Restate word for word the lines below from the one that has "在并網(wǎng)運(yùn" through the one that has "圖1 陶瓷載體三元催化轉化器結構示意圖", keeping both and dropping all pictures.

= = =

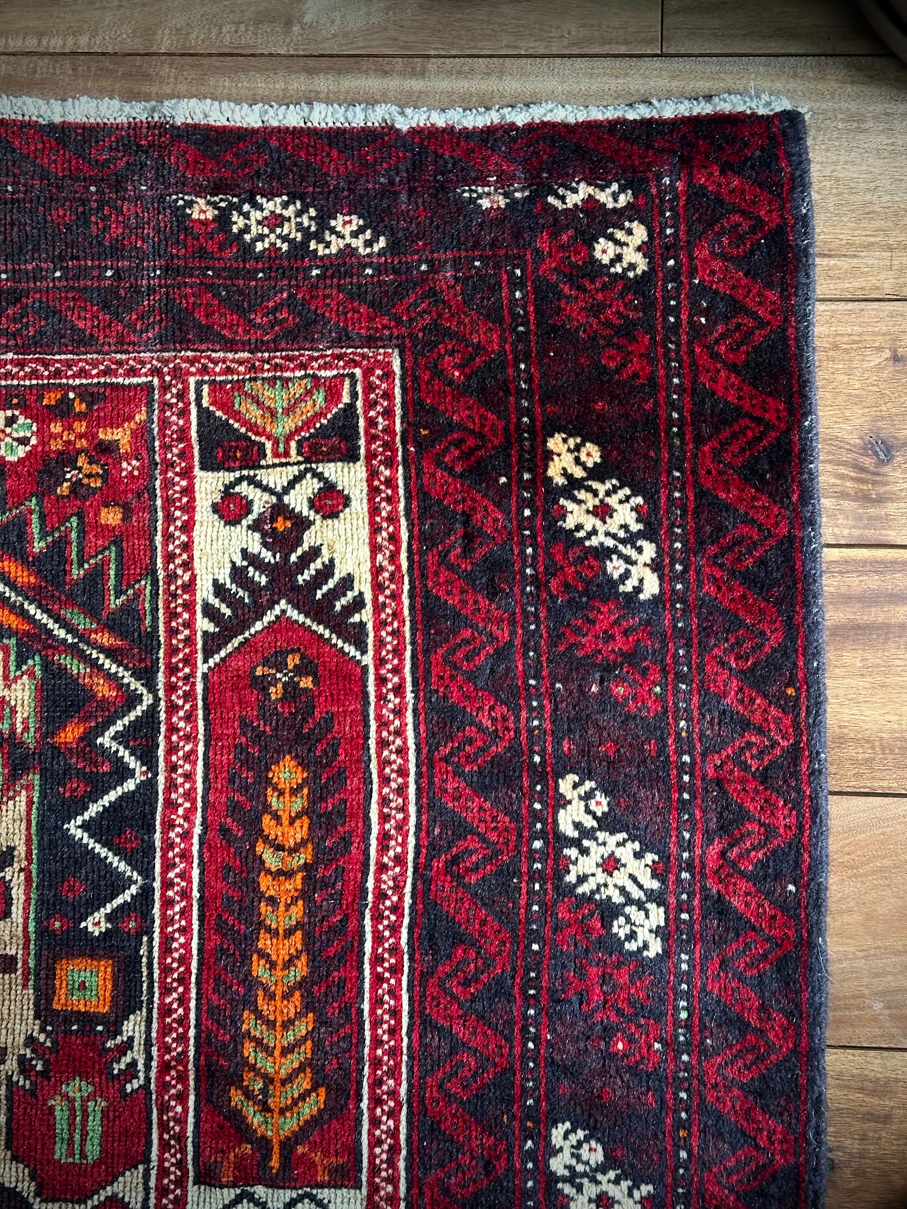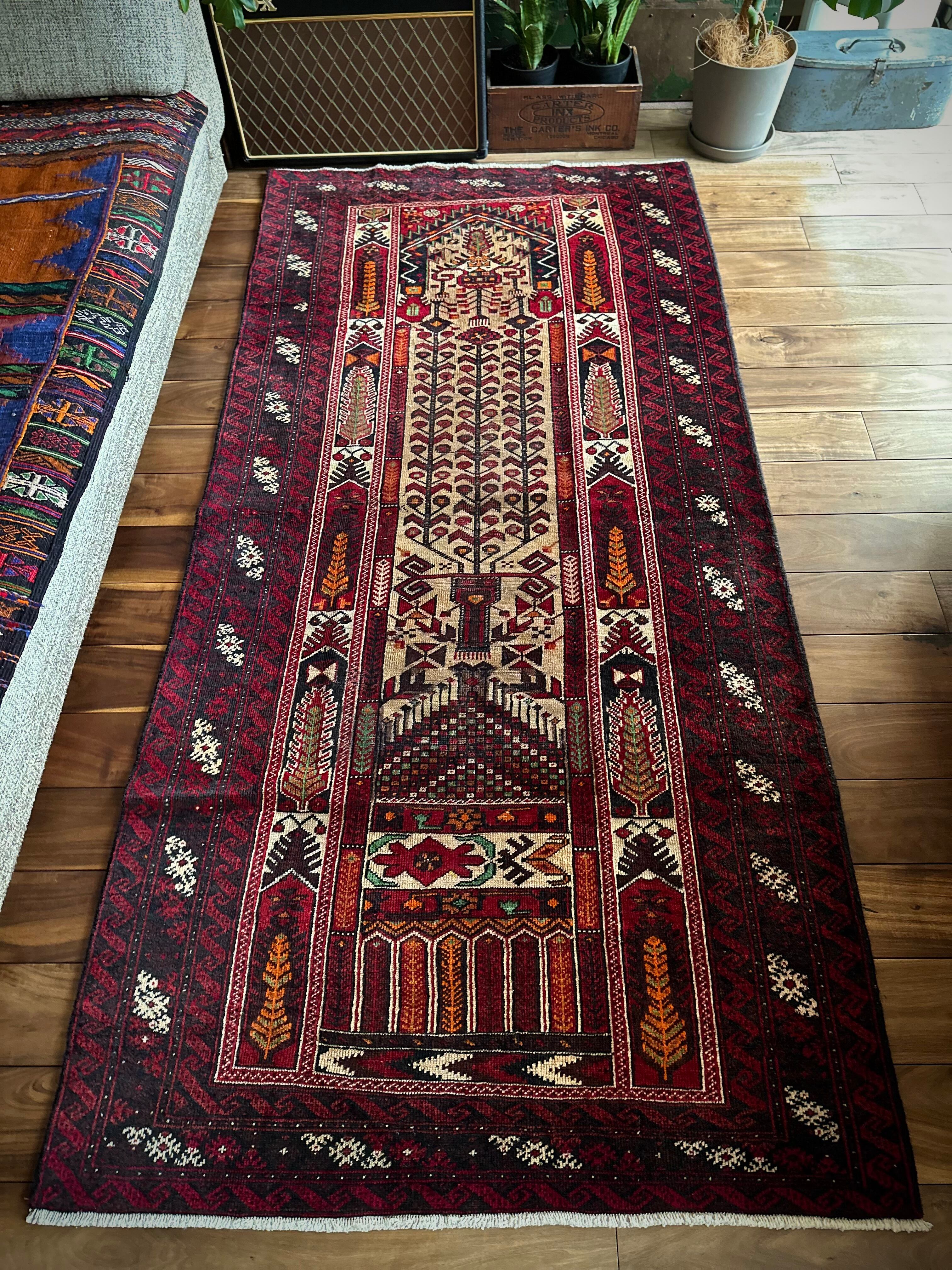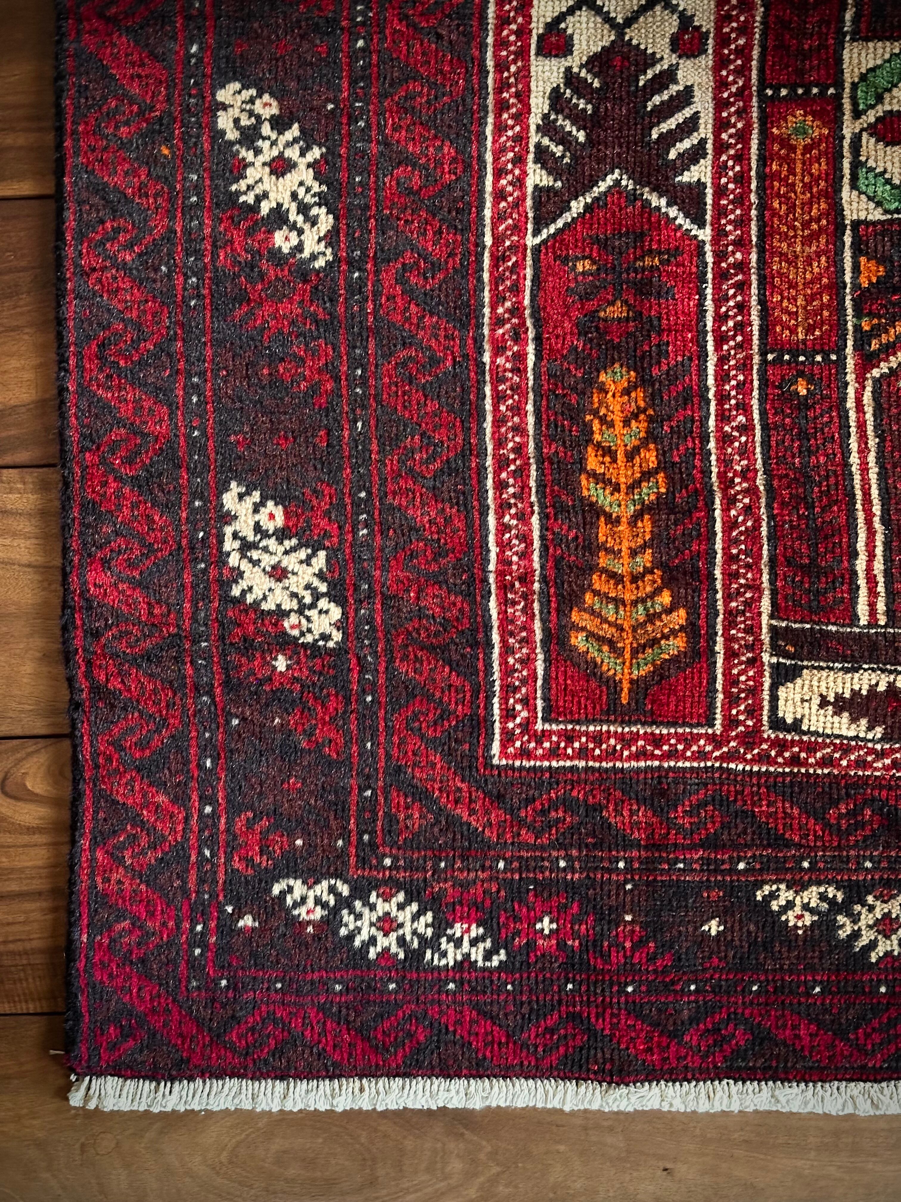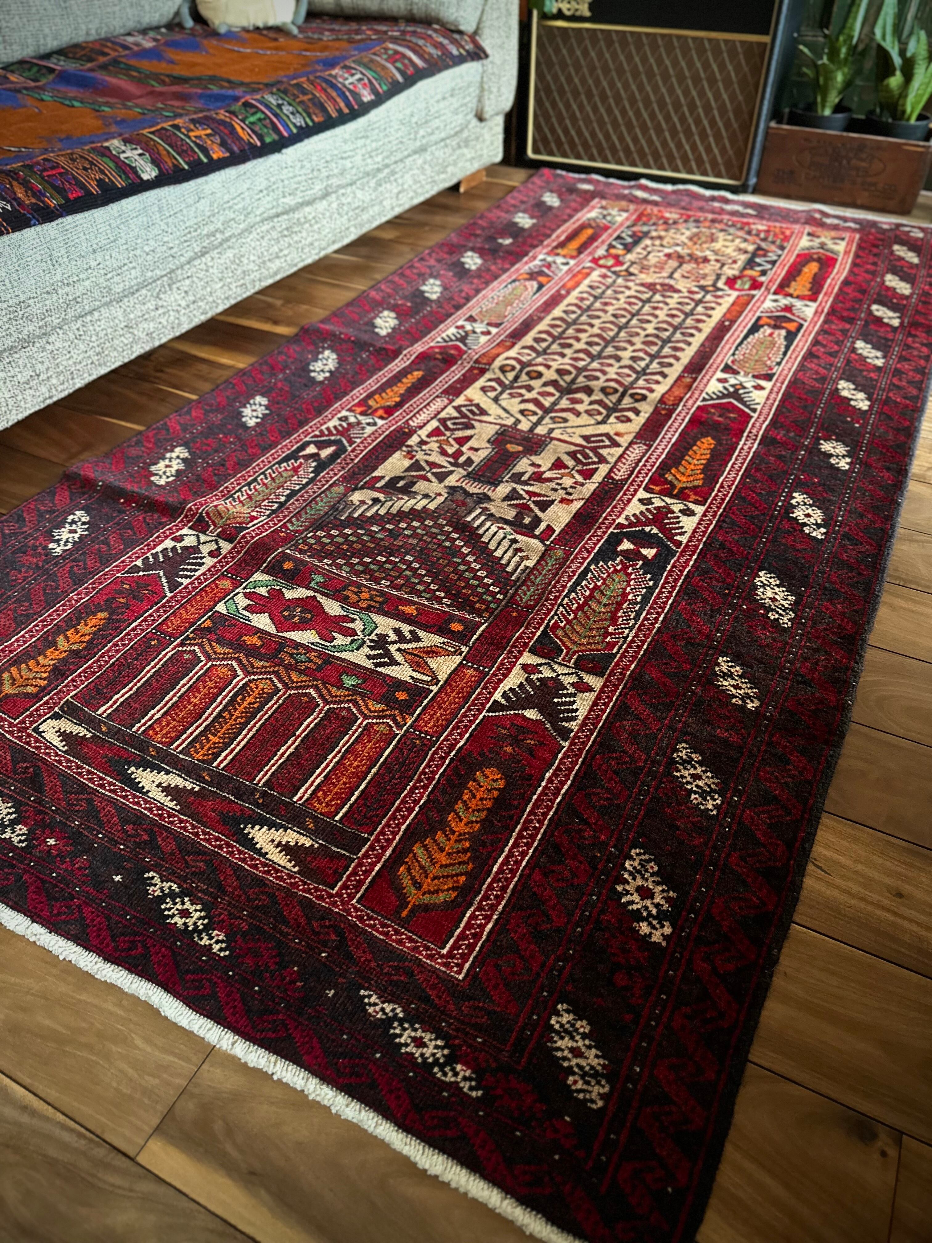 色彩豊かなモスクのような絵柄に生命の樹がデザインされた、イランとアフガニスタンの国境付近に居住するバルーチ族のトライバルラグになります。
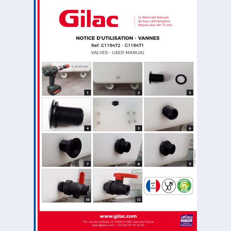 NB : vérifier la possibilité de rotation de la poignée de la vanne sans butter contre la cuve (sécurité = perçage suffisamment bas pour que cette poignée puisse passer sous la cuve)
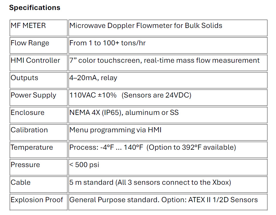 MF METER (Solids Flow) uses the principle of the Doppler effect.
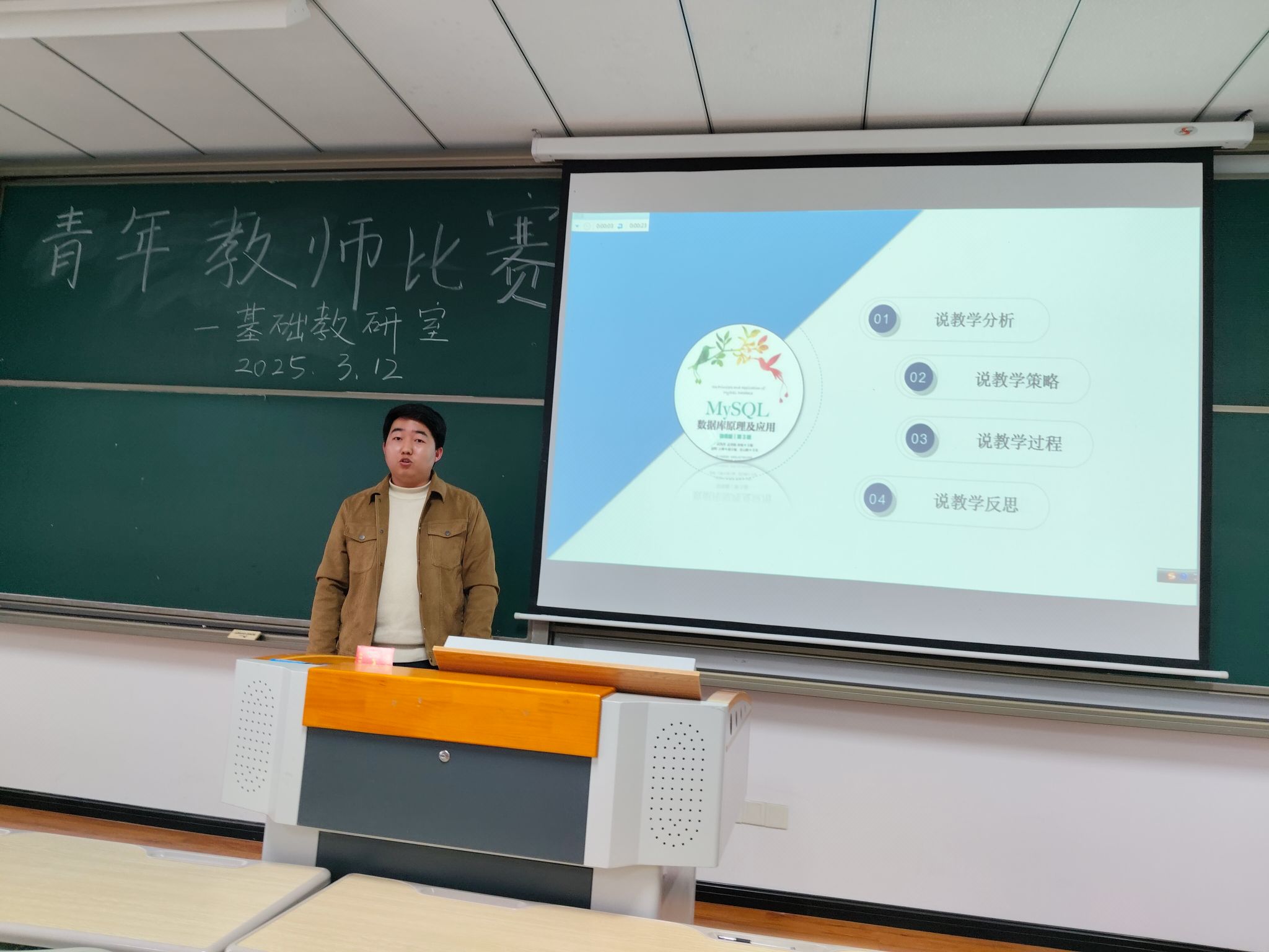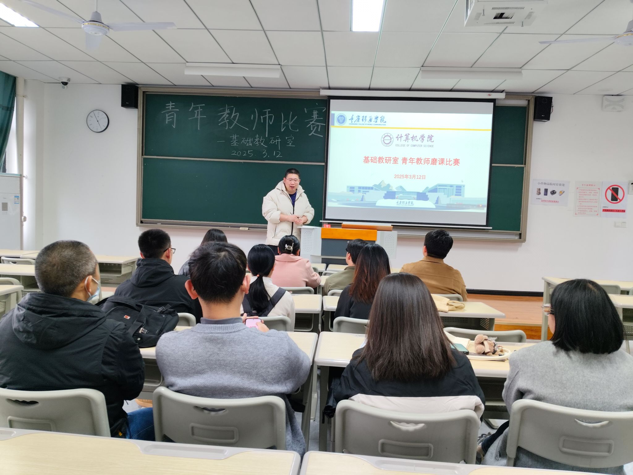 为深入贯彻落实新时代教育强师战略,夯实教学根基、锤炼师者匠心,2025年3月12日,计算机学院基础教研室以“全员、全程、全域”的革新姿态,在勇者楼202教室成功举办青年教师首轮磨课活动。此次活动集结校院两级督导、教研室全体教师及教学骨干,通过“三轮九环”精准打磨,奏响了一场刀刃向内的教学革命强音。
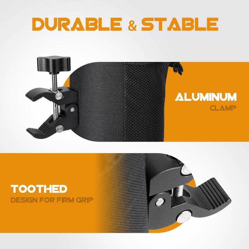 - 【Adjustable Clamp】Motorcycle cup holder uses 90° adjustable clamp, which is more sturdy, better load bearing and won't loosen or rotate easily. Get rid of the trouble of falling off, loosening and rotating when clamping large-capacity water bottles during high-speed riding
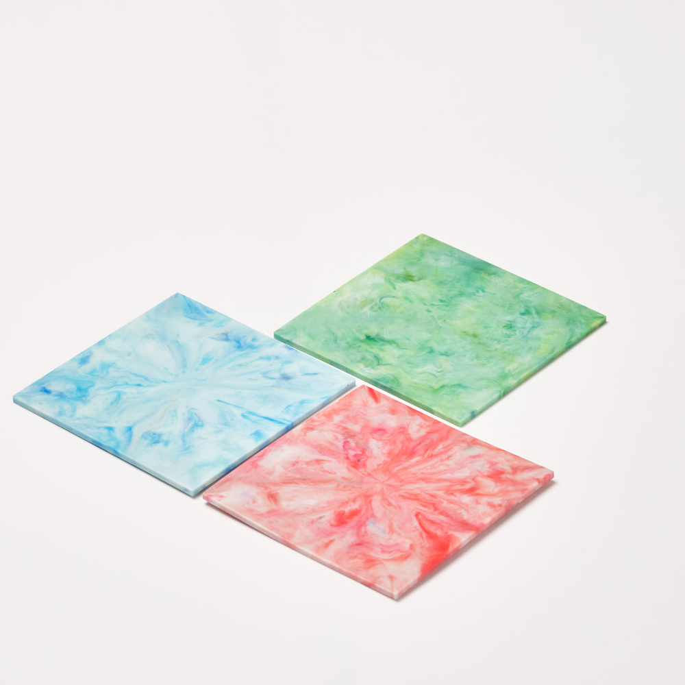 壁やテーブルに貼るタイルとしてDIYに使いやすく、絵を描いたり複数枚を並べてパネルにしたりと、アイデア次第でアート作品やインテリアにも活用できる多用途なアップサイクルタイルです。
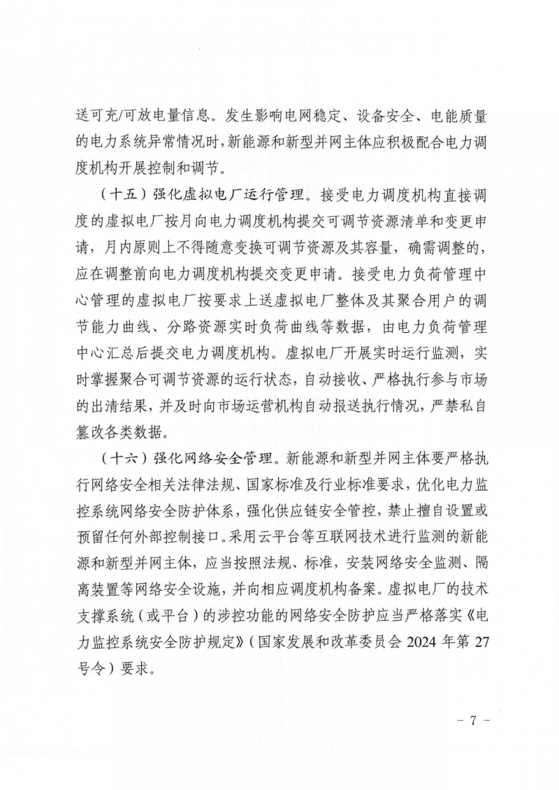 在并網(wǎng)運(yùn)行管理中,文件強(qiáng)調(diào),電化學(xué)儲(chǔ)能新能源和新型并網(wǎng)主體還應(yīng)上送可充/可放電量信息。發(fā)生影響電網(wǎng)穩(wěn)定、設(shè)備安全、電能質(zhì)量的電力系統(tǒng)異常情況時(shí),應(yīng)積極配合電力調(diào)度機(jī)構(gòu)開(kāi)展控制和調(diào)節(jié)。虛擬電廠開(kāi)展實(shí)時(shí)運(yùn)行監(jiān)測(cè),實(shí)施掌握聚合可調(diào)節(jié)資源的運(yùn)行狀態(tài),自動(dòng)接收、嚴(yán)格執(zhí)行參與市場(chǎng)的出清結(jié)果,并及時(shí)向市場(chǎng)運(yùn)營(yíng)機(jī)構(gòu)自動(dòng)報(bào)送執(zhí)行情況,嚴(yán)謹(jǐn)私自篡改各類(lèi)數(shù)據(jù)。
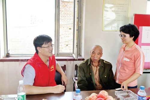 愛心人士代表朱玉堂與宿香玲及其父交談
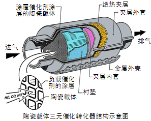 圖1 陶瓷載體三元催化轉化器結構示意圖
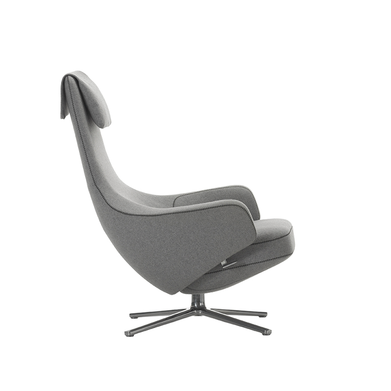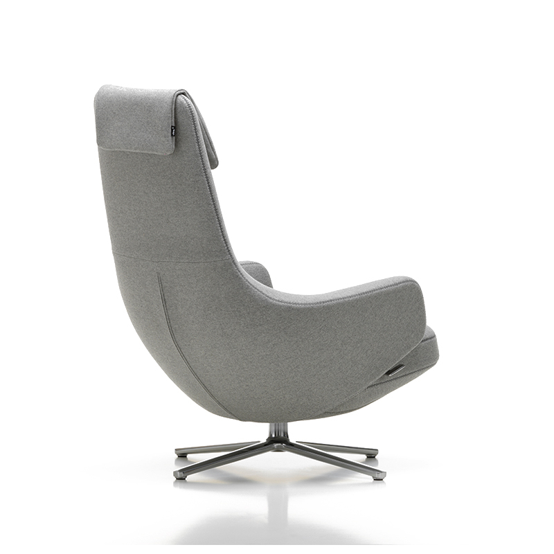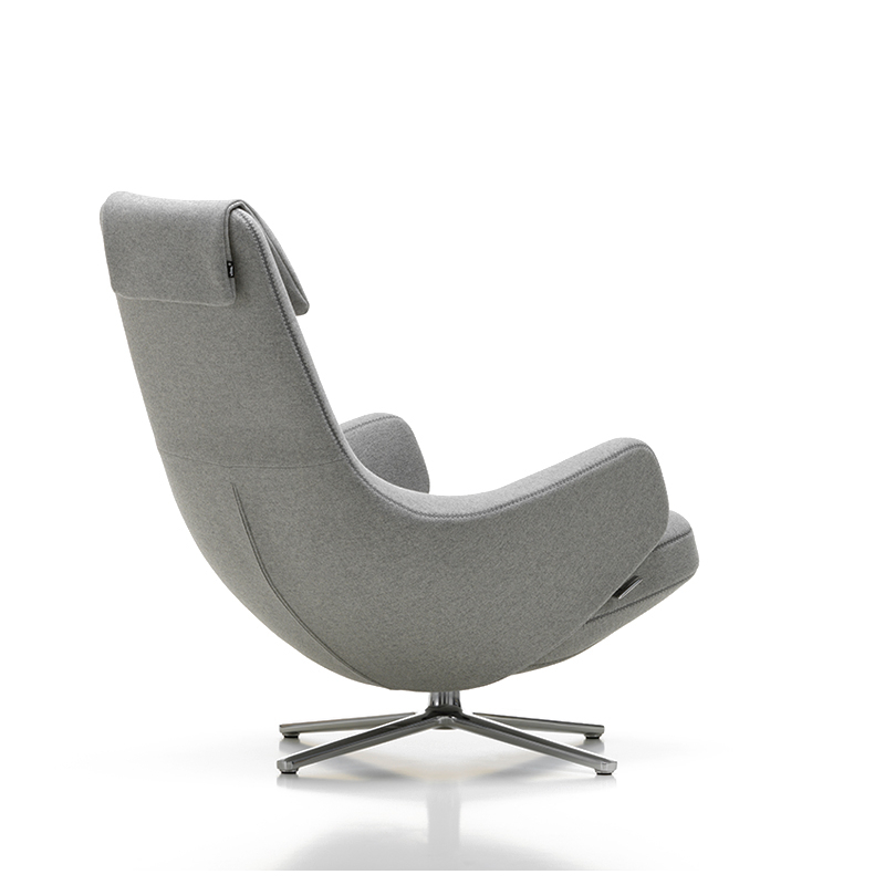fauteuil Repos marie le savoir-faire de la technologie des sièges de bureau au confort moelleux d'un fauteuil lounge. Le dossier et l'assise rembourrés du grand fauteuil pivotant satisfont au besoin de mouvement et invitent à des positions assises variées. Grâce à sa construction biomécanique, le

= = =

TASK ANSWER —
 在并網(wǎng)運(yùn)行管理中,文件強(qiáng)調(diào),電化學(xué)儲(chǔ)能新能源和新型并網(wǎng)主體還應(yīng)上送可充/可放電量信息。發(fā)生影響電網(wǎng)穩(wěn)定、設(shè)備安全、電能質(zhì)量的電力系統(tǒng)異常情況時(shí),應(yīng)積極配合電力調(diào)度機(jī)構(gòu)開(kāi)展控制和調(diào)節(jié)。虛擬電廠開(kāi)展實(shí)時(shí)運(yùn)行監(jiān)測(cè),實(shí)施掌握聚合可調(diào)節(jié)資源的運(yùn)行狀態(tài),自動(dòng)接收、嚴(yán)格執(zhí)行參與市場(chǎng)的出清結(jié)果,并及時(shí)向市場(chǎng)運(yùn)營(yíng)機(jī)構(gòu)自動(dòng)報(bào)送執(zhí)行情況,嚴(yán)謹(jǐn)私自篡改各類(lèi)數(shù)據(jù)。
 愛心人士代表朱玉堂與宿香玲及其父交談
 圖1 陶瓷載體三元催化轉化器結構示意圖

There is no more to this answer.